Here's a complete example showing reorg handling configuration for multiple networks:

```yaml
rollback_on_reorg: true
networks:
  - id: 1 # Ethereum Mainnet
    confirmed_block_threshold: 250 # Higher threshold for Ethereum
    # other network config...

  - id: 137 # Polygon
    confirmed_block_threshold: 150 # Lower threshold for Polygon
    # other network config...

  - id: 42161 # Arbitrum One
    # Using default threshold (200)
    # other network config...
```

By properly configuring reorg support, you ensure that your indexed data remains consistent with the blockchain, even when the chain reorganizes.

## Using HyperSync Directly? Handle Reorgs with the Rollback Guard

If you use [HyperSync](/docs/HyperSync/hypersync-query#rollback-guard) directly, without HyperIndex, you have to handle reorg detection and rollback yourself using the **rollback guard** returned on each query response.

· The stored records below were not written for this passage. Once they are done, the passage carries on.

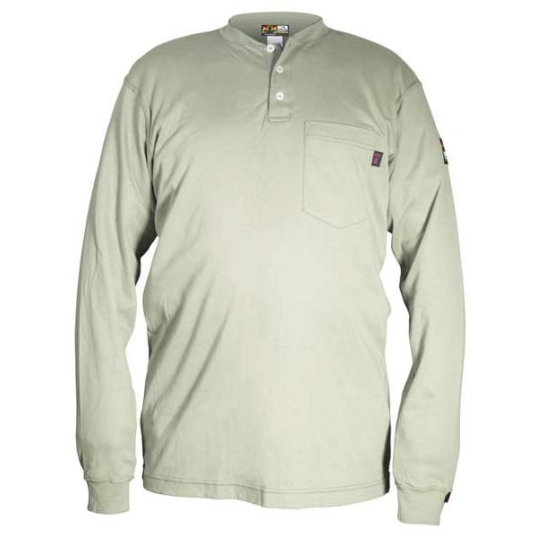 ATPV Rating 9.6 cal/sq cm, Arc Flash PPE Category 2, Collar Style Henley, Color Tan, Fabric Weight 7 oz, Features 100 Percent Cotton FR Interlock Knit Shell, 3 Button Placket Front, Hi-Temperature FR Poly Buttons, Rib Knit Collar and Cuff, Closure Type Buttons, Gender Men's, High-Visibility No, FR Long Sleeve Shirt, Material Trade Name Max Comfort(TM), Maximum Chest Size 38 in, Minimum Chest Size 36 in, Moisture-Wicking Yes, Number of Pockets 1, Pocket Location Left Chest, Size S
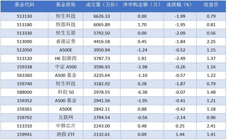 从成交量上来看,2025年10月22日成交量最大的是恒生科技(513130),成交量为6626.33万份。排名靠前的恒指科技(513180)、恒生互联(513330)、香港证券(513090),成交量分别为6065.89万份、5792.50万份、4416.58万份。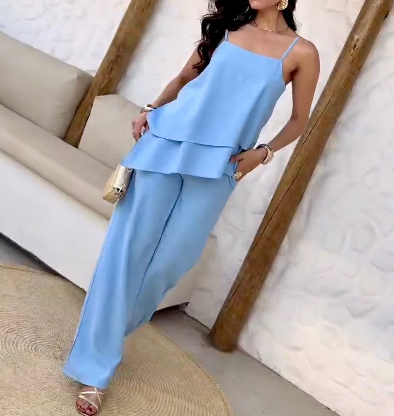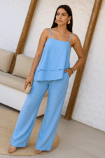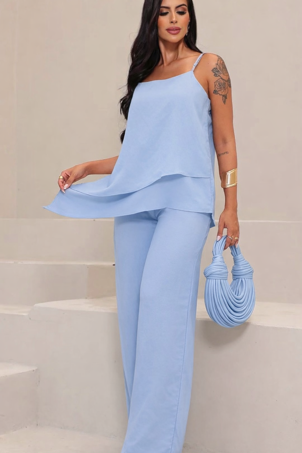 A blusa tem modelagem soltinha com alças finas e sobreposição delicada, enquanto a calça pantalona garante um visual alongado e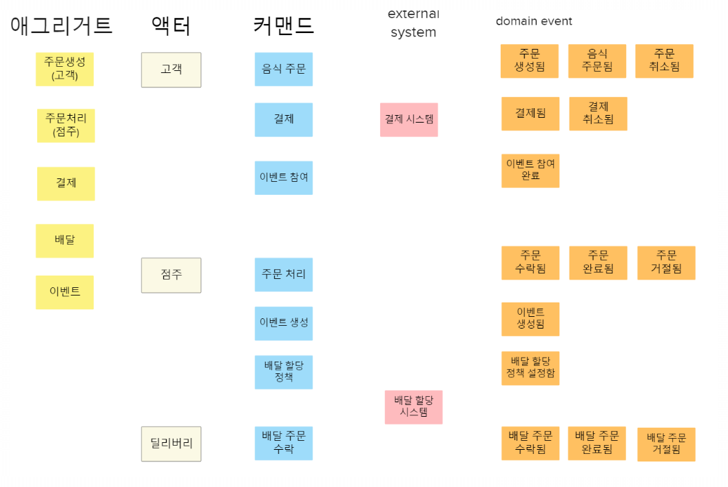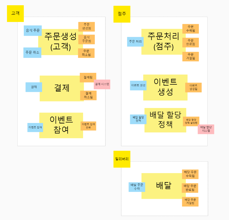 이후 이 링크를 참고하여 DDD를 그리고 액터별로 분리하자 이벤트, 배달 애그리거트가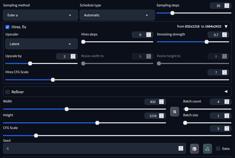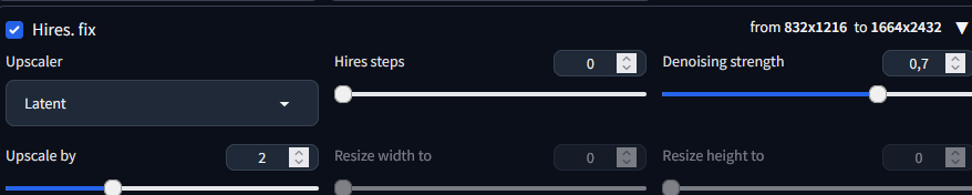 >>1404361 Не превышать определенное разрешение, ~3-3.5 мегапиксела. Для твоих стартовых параметров это приблизительно х1.35 апскейл - я обычно по широкой стороне ориентируюсь, до 1600-1664 подымаю. Для латента - денойз в районе 0.6-0.62, не выше, иначе начнет картинку сильно перерисовывать хотя может тебе это и надо. Но и не ниже, иначе пойдут блюр и артефакты.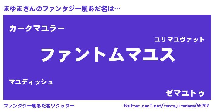 | 意味不明あだ名 | 『とにかく怪しいまゆま』『自称まゆま』 |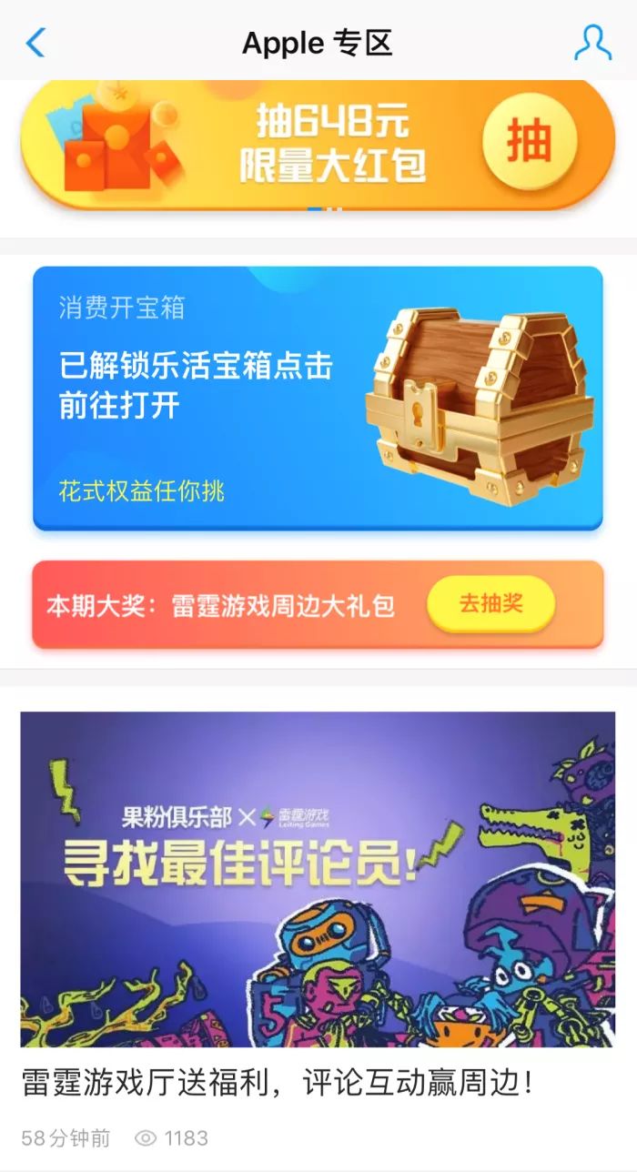 雷霆游戏的苹果用户在App Store应用商店绑定支付宝为首选付款方式后,即可在支付宝搜索“果粉俱乐部”登录活动主页参与每日抽奖!奖品数量多多,机会多多!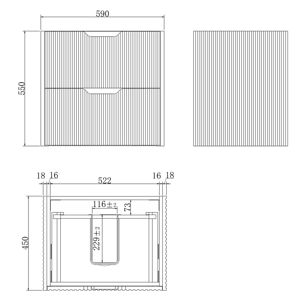 - Bali White Oak Fluted Panel Durable Wall Hung Vanity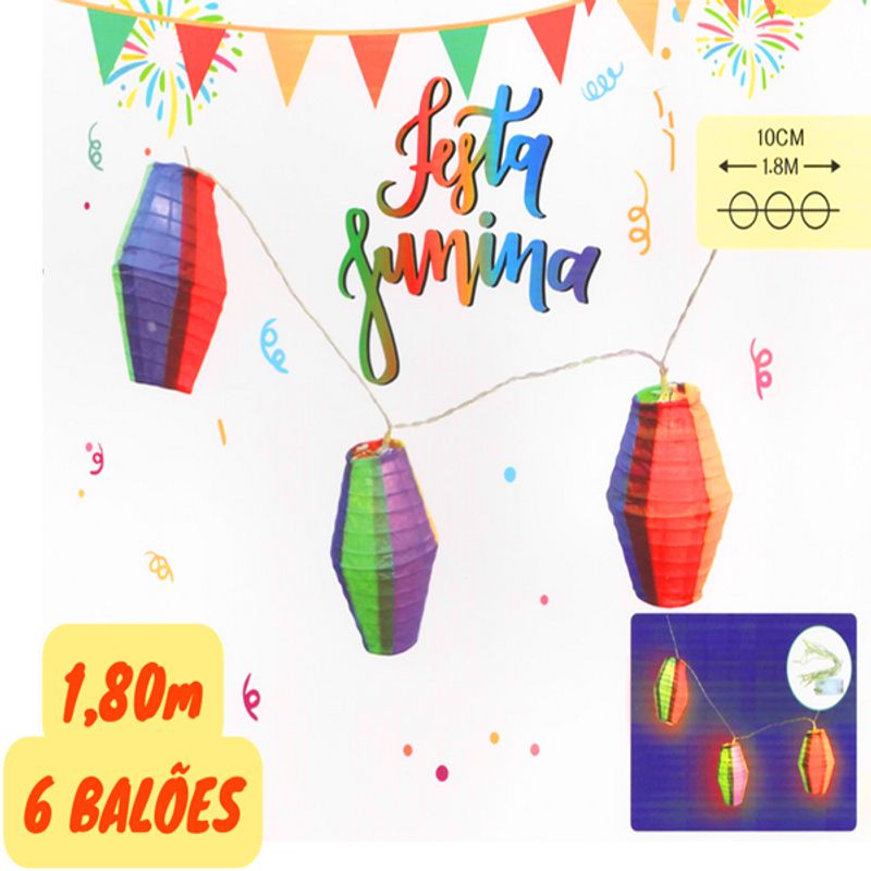 Utilize o Varal de LED Balão Junino para decorar a entrada da sua festa junina, criando um espaço acolhedor para receber os convidados;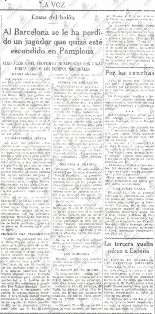 Barcelona 26.-El F.C. Barcelona ignora el paralelo de su jugador Seve Goiburu, que no acude a los entrenamientos ni a su domicilio particular en esta. En el primer “match” Cataluña-Brasil, Goiburu figuraba como suplente; pero no acudió a Las Corts, y en ningún sitio dan razón del popular delantero.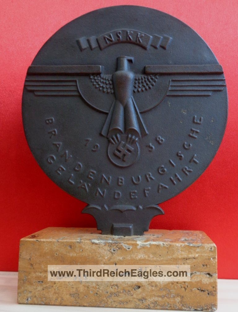 There are a number of different examples of the NSKK desk eagle, all however share the same stylized NSKK banner over the top of the outstretched wings with the NSKK inscription on one side of the banner only.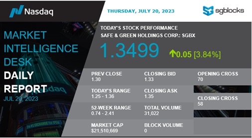 JULY 21, 2023 – MIAMI, Fla. – Safe & Green Holdings Corp. (NASDAQ: SGBX) (“Safe & Green Holdings” or the “Company”), a leading developer, designer, and fabricator of modular structures for residential, commercial, and point-of-care medicine, today announced that the Company received notice from Nasdaq on July 20, 2023, indicating that it has regained compliance with the minimum bid price requirement under Nasdaq Rules 5550(a)(2).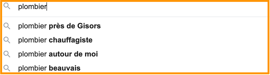 [Voici les premières suggestions Google quand on tape « plombier » simplement dans la barre de recherche :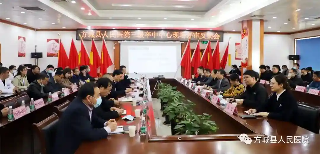 3月22日,河南省三级医院卒中中心专家组对我院卒中中心进行预评审验收暨方城县脑卒中质量控制中心成立大会。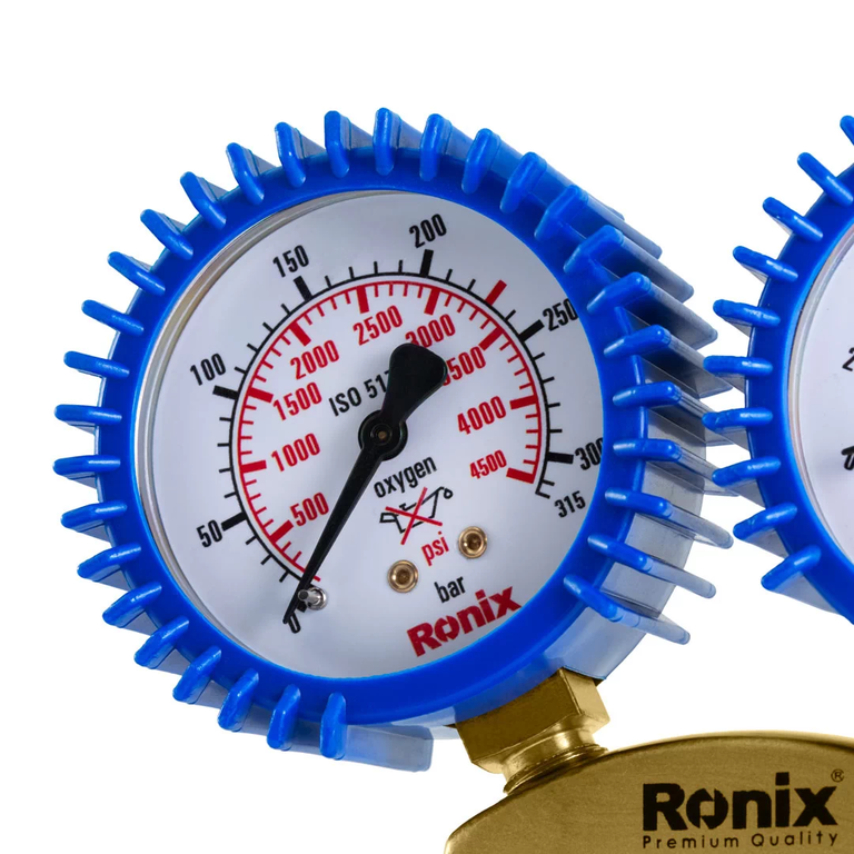 این مانومتر رونیکس مجهز به دو گیج برای نمایش فشار ورودی و خروجی است؛ گیج ورودی محدوده 0 تا 315 بار و گیج خروجی محدوده 0 تا 16 بار را اندازهگیری میکند.

HyperSync validates block parent hashes internally and re-syncs when it detects a fork, so it always serves canonical chain data. Data you have already fetched can still go stale after a reorg, though. To detect that, compare the `first_parent_hash` of the current response against the `hash` you stored from the previous response. If they differ, a reorg has occurred and you need to re-fetch the affected range.

For full details, including a pseudocode example, see the [HyperSync Rollback Guard documentation](/docs/HyperSync/hypersync-query#rollback-guard).

:::tip
HyperIndex automates all of this: it fetches recent block hashes to pinpoint exactly where a reorg occurred and automatically rolls back database state. Unless you need the full flexibility of raw HyperSync, HyperIndex saves significant implementation effort.